This matter is before the Court upon the Magistrate Judge’s Report and
Recommendation (“Report”) (ECF No. 13), which recommends that the § 2241 petition
be dismissed without prejudice and without requiring the respondent to file a return.
For the reasons set forth below, the Court agrees with the Report and dismisses the
petitioner’s complaint without prejudice.
BACKGROUND
The petitioner Kenyatte Brown (“the petitioner”), a federal inmate at FCIWilliamsburg, who is proceeding pro se brought this action pursuant to 28 U.S.C.
§ 2241 seeking a reduction in his federal sentence. On April 12, 2004, the petitioner
was convicted of possession with intent to distribute less than five grams of cocaine
base and sentenced to 262 months of incarceration to be followed by six years of
supervised release. The petitioner’s 2005 appeal was unsuccessful, and the Court
granted the government’s motion for summary judgment on his § 2255 motion alleging
ineffective assistance of counsel.
On March 4, 2013, the petitioner filed this action pursuant to 28 U.S.C. § 2241.
The petitioner alleges that his sentence should be vacated because his prior state
convictions for possession with intent to distribute crack and cocaine should no longer
be considered “felonies” following the Supreme Court’s decision in Carachuri-Rosendo
v. Holder, 130 S. Ct. 2577 (2010) and the Fourth Circuit’s ruling in United States v.

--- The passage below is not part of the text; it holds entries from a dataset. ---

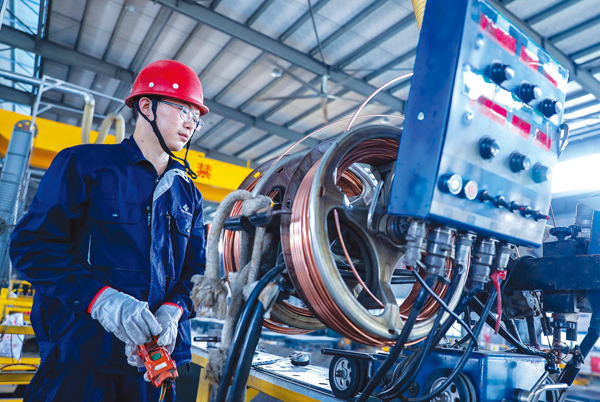 圖為金元素工人正在進行鋼板探傷檢測。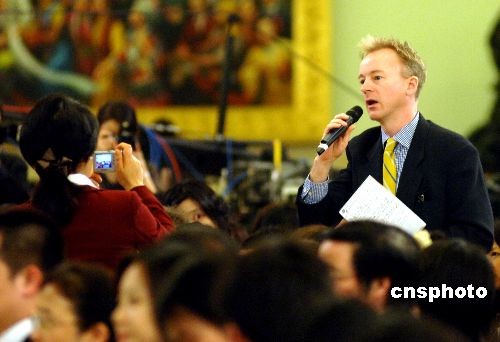 三月十二日上午,十一屆全國人大一次會議在北京人民大會堂舉行記者招待會,中外記者踴躍發問。中新社發 王東明 攝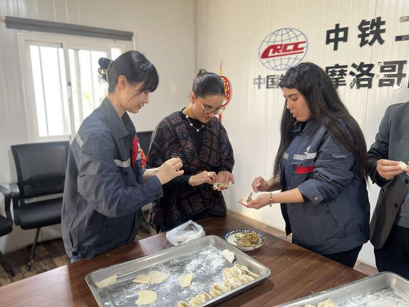 面容食堂里,年味最是浓厚。“左手托住皮儿,右手放馅别太多,从边上往中间迟缓握,劲儿匀极少才好意思瞻念。”面容办公室主任潘婷一边示范,一边耐性教当地翻译尼阿玛包饺子。面粉沾了手指,馅料偶尔溢出,尼阿玛学得异常老成,包出的饺子固然形态辞别,但每一个都透着“悉心”。案板上,一滑排饺子整皆陈列,中摩后生职工围坐一堂,揉面声、鼎沸声交汇成国外职工心里最暖的年味儿。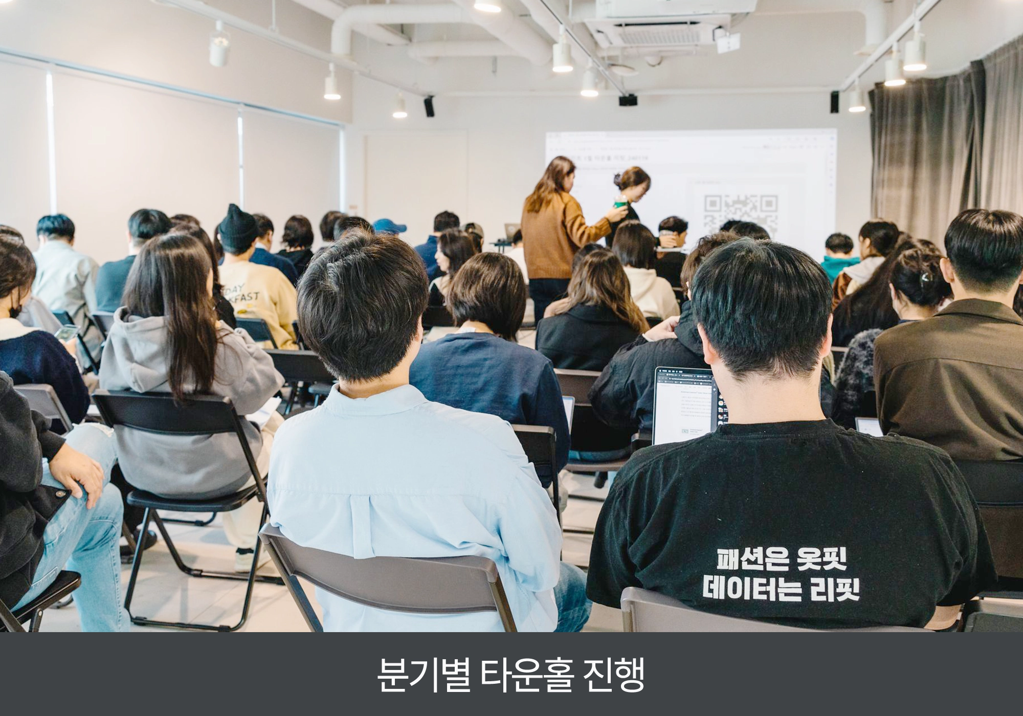 매 분기(3개월)마다 전사 타운홀을 진행합니다. 팀민트의 사업 방향, 캠페인 현황, 주요 소식, 구성원 서베이 결과 등을 전 구성원에게 공유하고, 실시간 익명 Q&A를 통해 투명하게 소통하고 있습니다.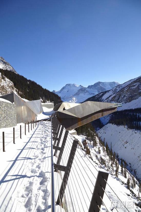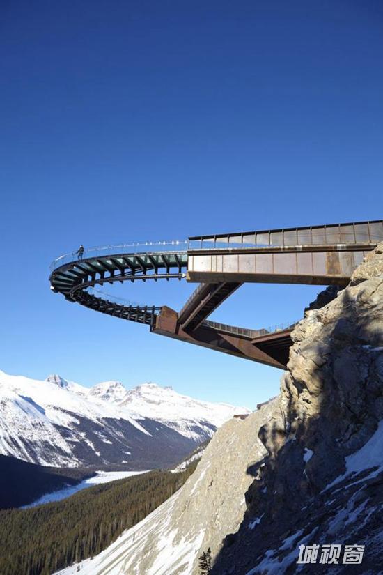冰川天空步道是一条450m(1 475英尺)长的步道,位于加拿大落基山脉贾斯珀国家公园群山环绕的景观中。耐候钢和玻璃结构向外悬挑出来,俯瞰辛华达峡谷,面向位于横跨大陆分水岭的冰原上。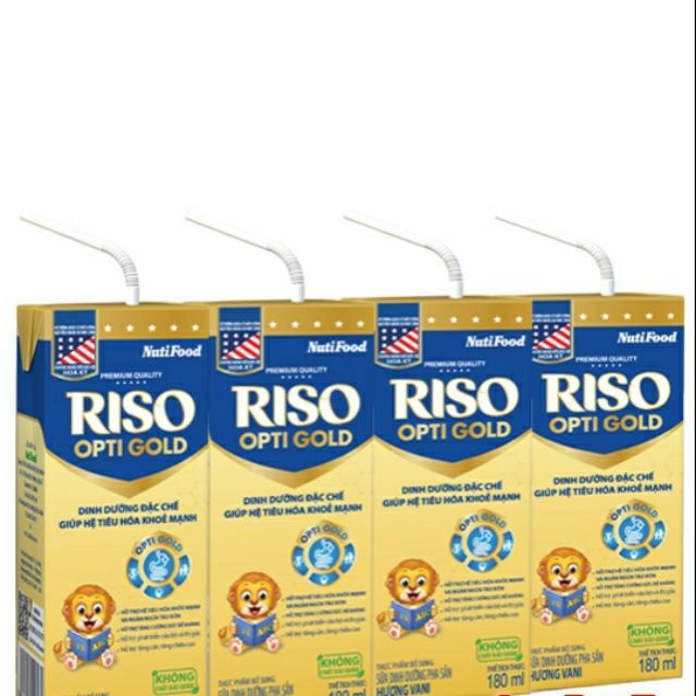 ️Thương hiệu Nutifood .Dinh dưỡng đặc chế giúp hệ tiêu hóa khỏe mạnh .Dành cho trẻ từ 1 tuổi trở lên .Công thức RISO OPTI GOLD trong sữa có công dụng: Hỗ trợ hệ tiêu hóa khỏe mạnh và ngăn ngừa táo bón Sản phẩm RISO bổ sung sữa non Colostrum, các loại đạm dễ hấp thu Lactoferrin, đạm Whey giàu Alpha Lactalbumin cung cấp các Axit amin thiết yếu, đặc biệt Tryptophan cùng hệ dưỡng chất Synbiotics là sự kết hợp giữa Prebiotics (FOS/Inulin) và Probiotics (Bifidobacterium lactis),… Hỗ trợ tăng cân tăng chiều cao Với công thức đặc chế OPTI GOLD, sản phẩm RISO có tỷ lệ Canxi : Phốt pho hợp lý, giàu Vitamin D3, cùng vitamin nhóm B và khoáng chất. .Hỗ trợ tăng cường sức đề kháng Công thức đặc chế OPTI GOLD của RISO bổ sung các Vitamin A, E, C, Selen là các chất chống oxy hóa, cùng với Kẽm và hỗn hợp Nucleotides. Sản phẩm RISO hỗ trợ bảo vệ trẻ khỏi các tác nhân gây hại từ môi trường bên ngoài. Hỗ trợ phát triển não bộ và thị giác Sản phẩm RISO có công thức đặc chế OPTI GOLD tạo sự hòa hợp độc đáo các dưỡng chất DHA, ARA, ALA, LA, Cholin, Taurin, Lutein và có mức hàm lượng DHA hợp lý mỗi ngày giúp đáp ứng theo khuyến nghị của các chuyên gia Y tế thế giới FAO/WHO (2010).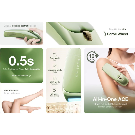 - Cielená starostlivosť pre celé telo: Niekoľko režimov a úrovní intenzity pre bezpečné ošetrenie nôh, rúk, podpazušia, oblasti bikín aj tváre.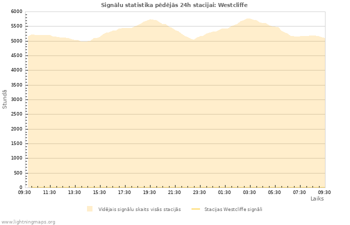 Vienā stundā saņemto signālu skaits stacijā Westcliffe, kā arī vidējā vērtība visās stacijās.

Simmons, 649 F.3d 237 (4th Cir. 2011).
Pursuant to 28 U.S.C. § 636(b) (1)(B) and Local Civil Rule 73.02(B)(2)(d) DSC,
the case was assigned to Magistrate Judge Bristow Marchant. On May 8, 2013, the
Magistrate Judge issued a Report recommending that the § 2241 petition be dismissed
without prejudice and without requiring the respondent to file a return because the
cases upon which the petitioner relies have not been made retroactive and the
petitioner has not shown that a § 2255 is inadequate. The petitioner filed objections on
May 30, 2013 (ECF No. 16).
STANDARD OF REVIEW
The Magistrate Judge makes only a recommendation to the district court. The
recommendation has no presumptive weight. The responsibility to make a final
determination remains with the district court. Mathews v. Weber, 423 U.S. 261, 270–
71, 96 S.Ct. 549, 46 L.Ed.2d 483 (1976). The court is charged with making a de novo
determination of those portions of the Report to which specific objection is made, and
the court may accept, reject, or modify, in whole or in part, the recommendation of the
Magistrate Judge, or recommit the matter with instructions. 28 U.S.C. § 636(b)(1).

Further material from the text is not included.